Journal «Angiology and Vascular Surgery» • 

2010 • VOLUME 16 • №4

ELEVATED D-DIMER IN PATIENTS WITH CARDIOVASCULAR DISEASES FREE FROM THROMBOEMBOLIC COMPLICATIONS: WHAT IS IT ASSOCIATED WITH AND WHAT HAS TO BE DONE?

Vorobjeva N.M., Panchenko E.P., Dobrovolskii А.В., Titaeva E.V.
Laboratory of Clinical Problems for Atherothrombosis State Federal Facility«Russian Cardiological Research and Production Complex» under the Ministry of Health and Social Development of the Russian Federation,
Moscow, Russia

Purpose: To study the factors associated with an elevated content of D-dimer in patients diagnosed as having cardiovascular diseases (CVD) with no apparent thromboembolic complications.

Materials and methods: A retrospective analysis of 1,000 case histories of patients (624 men and 376 women) aged from 19 to 93 years and undergoing treatment at the Institute of Cardiology named after A.L. Myasnikov in 2009. The sole criterion for inclusion into the study was the fact of hospitalization for any CVD and an altered content of D-dimer. The D-dimer levels were determined by latex agglutination using reagent kits «ST ALIATES® D-DF» (Diagnostica Stago). The upper limit of the normal distribution of the D-dimer amounted to 0.5 μg/ml.

Results: Thromboembolic complications were encountered in 13% of patients. Search for increased D-dimer predictors was carried out amongst a total of 867 CVD patients with no manifest thromboembolic complications. The D-dimer levels ranged widely from 0.01 to 16.97 (median 0.32, interquartile range 0.20-0.63) mg/ml and exceeded the upper limit of the normal distribution in 32% of the patients. Based on the findings of the univariate analysis we selected 14 parameters with the level of significance P<0.05, associated with an elevated D-dimer content. These parameters included but were not limited to: female gender, age >68 years, a history of venous thromboembolic events, no cardiac angina, the presence of ciliary arrhythmia and functional class III-IV chronic cardiac insufficiency (CCI), decompensated CCI, the presence of a permanent artificial pacemaker, an acute inflammatory process, chronic obstructive pulmonary disease, active cancer, pulmonary hypertension, and dilatational cardiomyopathy. The subsequent multivariate analysis showed that female gender, age >68 years, an acute inflammatory process, pulmonary hypertension, and decompensated CCI were independent predictors of an elevated D-dimer level in patients with CVD without apparent thromboembolic complications.

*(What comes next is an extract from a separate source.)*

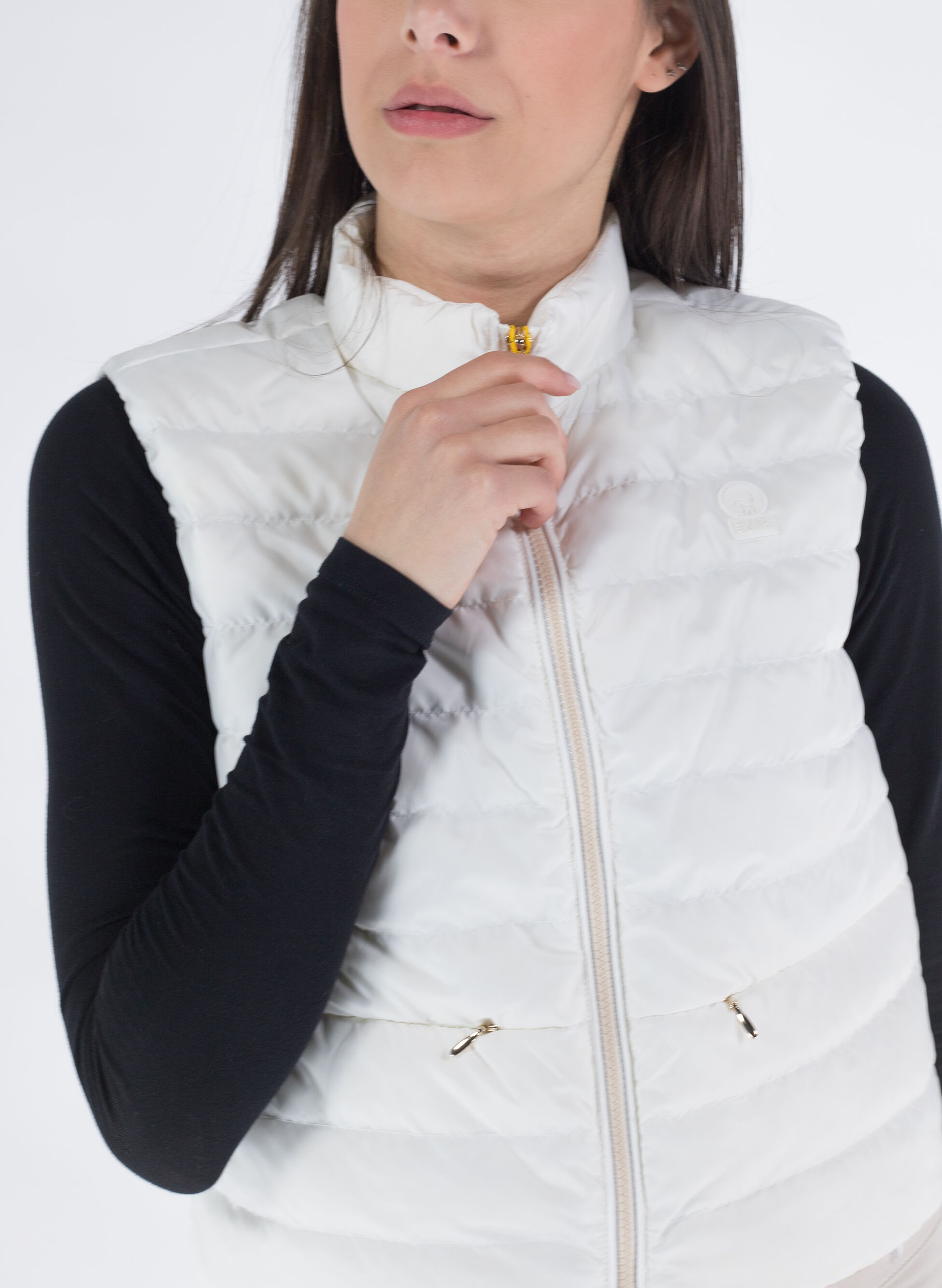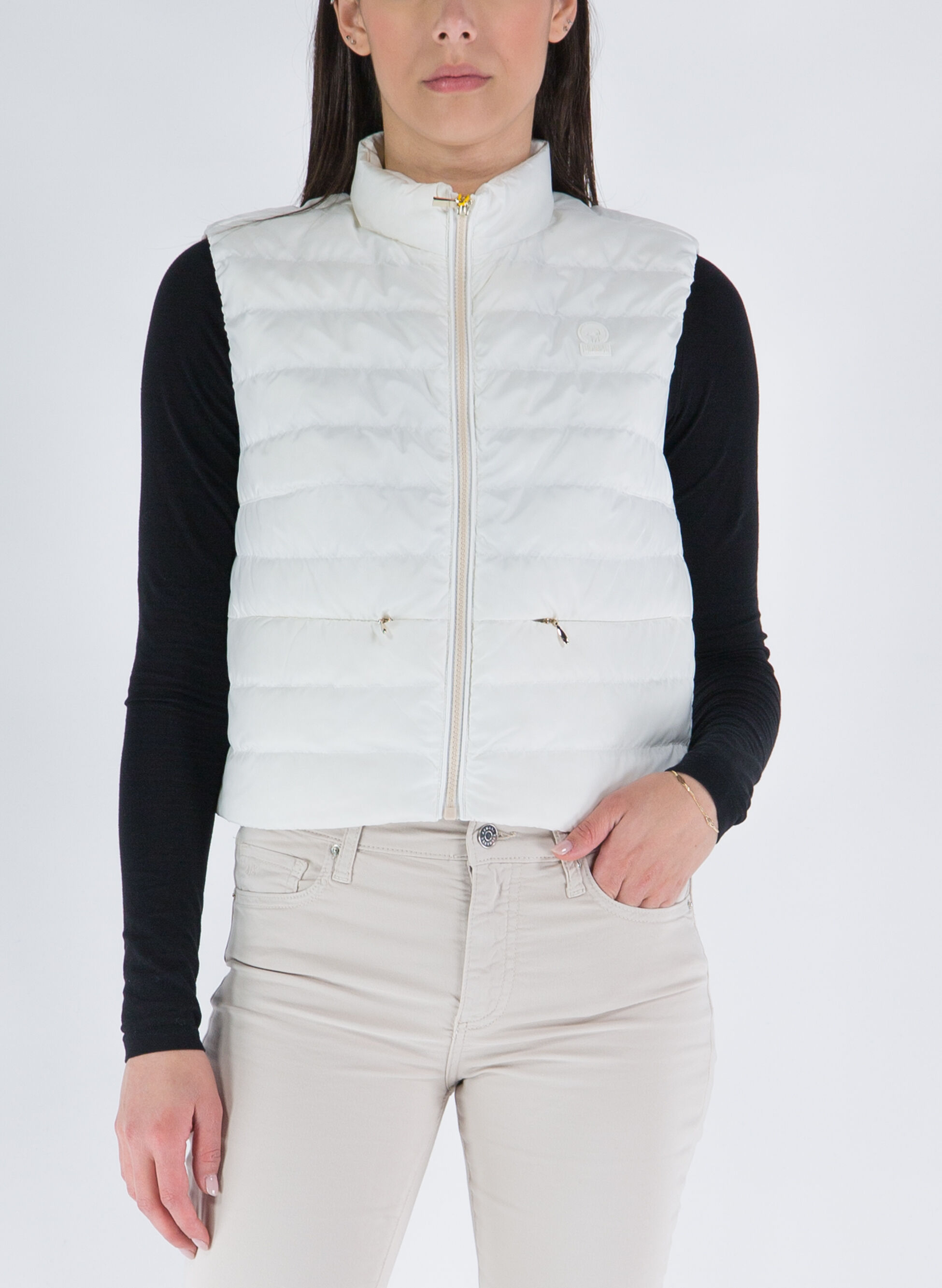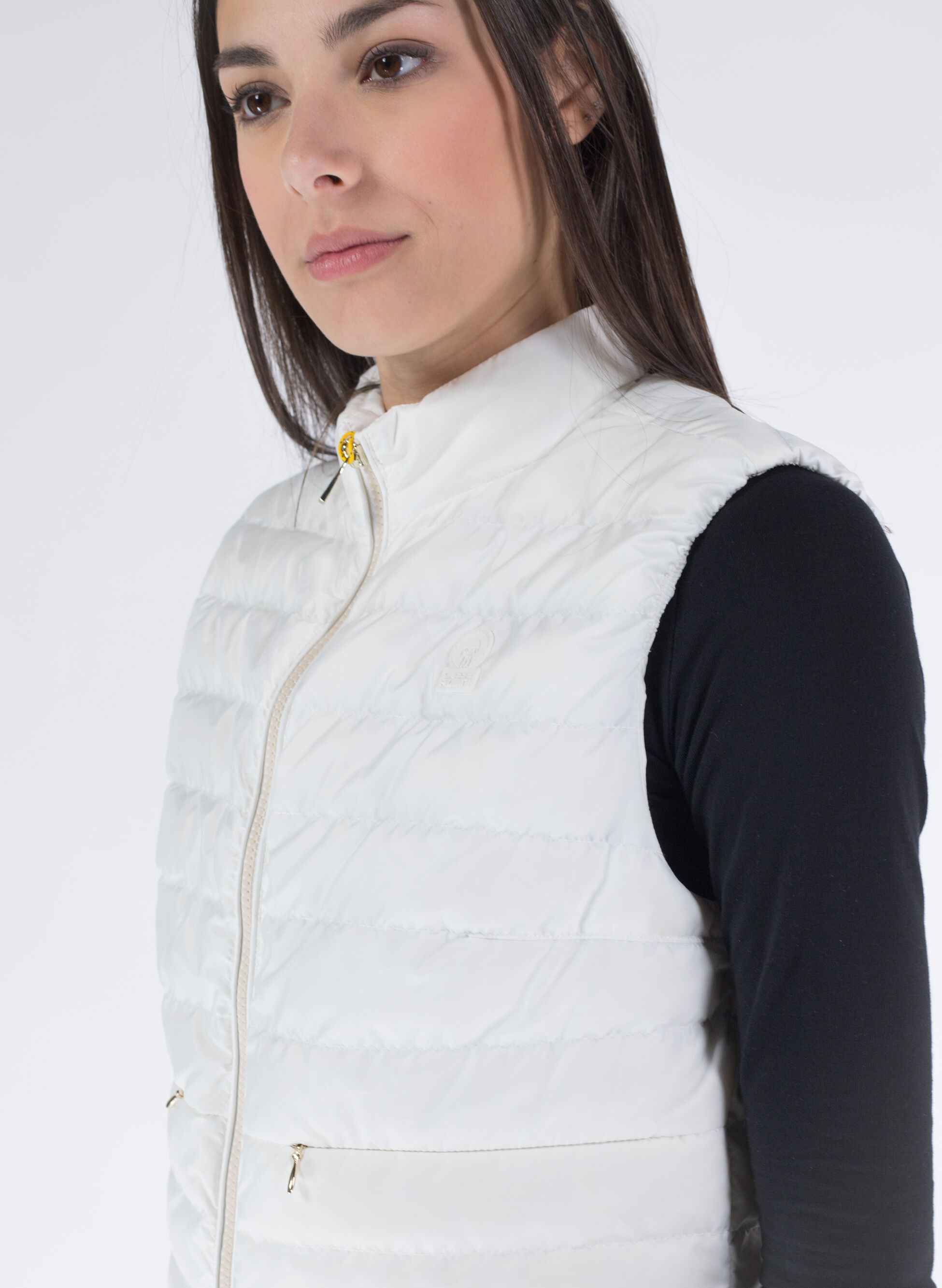 Piumino smanicato trapuntato con chiusura frontale con zip e tasche anteriori con cerniera invisibile.
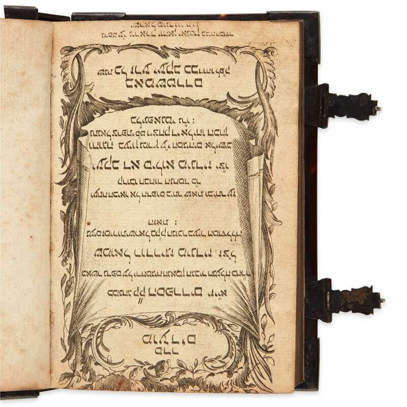 Amsterdam, 1771. Small 8vo. [1], 179, [1] leaves. 'Seder...U-moadim ke-minhag ha-Sephardim' (transcribed from Hebrew). Early to mid 20th century tortise shell boards, silver bosses at corners of covers, silver hinges and clasps, minor wear; all edges gilt; in brown cloth-covered case, one panel of lid broken; trimmed with small losses to printing at head of last several leaves; with book-plate of Nathaniel Lindo on front paste-down.

Conclusions. The D-dimer level exceeded the upper limit of the normal distribution in 32% of CVD patients without manifest thromboembolic complications. Independent predictors of elevated D-dimer in CVD patients with no visible thromboses are as follows: female gender, age >68 years, acute inflammation, pulmonary hypertension, and decompensation of CCI.

KEY WORDS: D-dimer, cardiovascular disease, thromboembolic complications, predictors.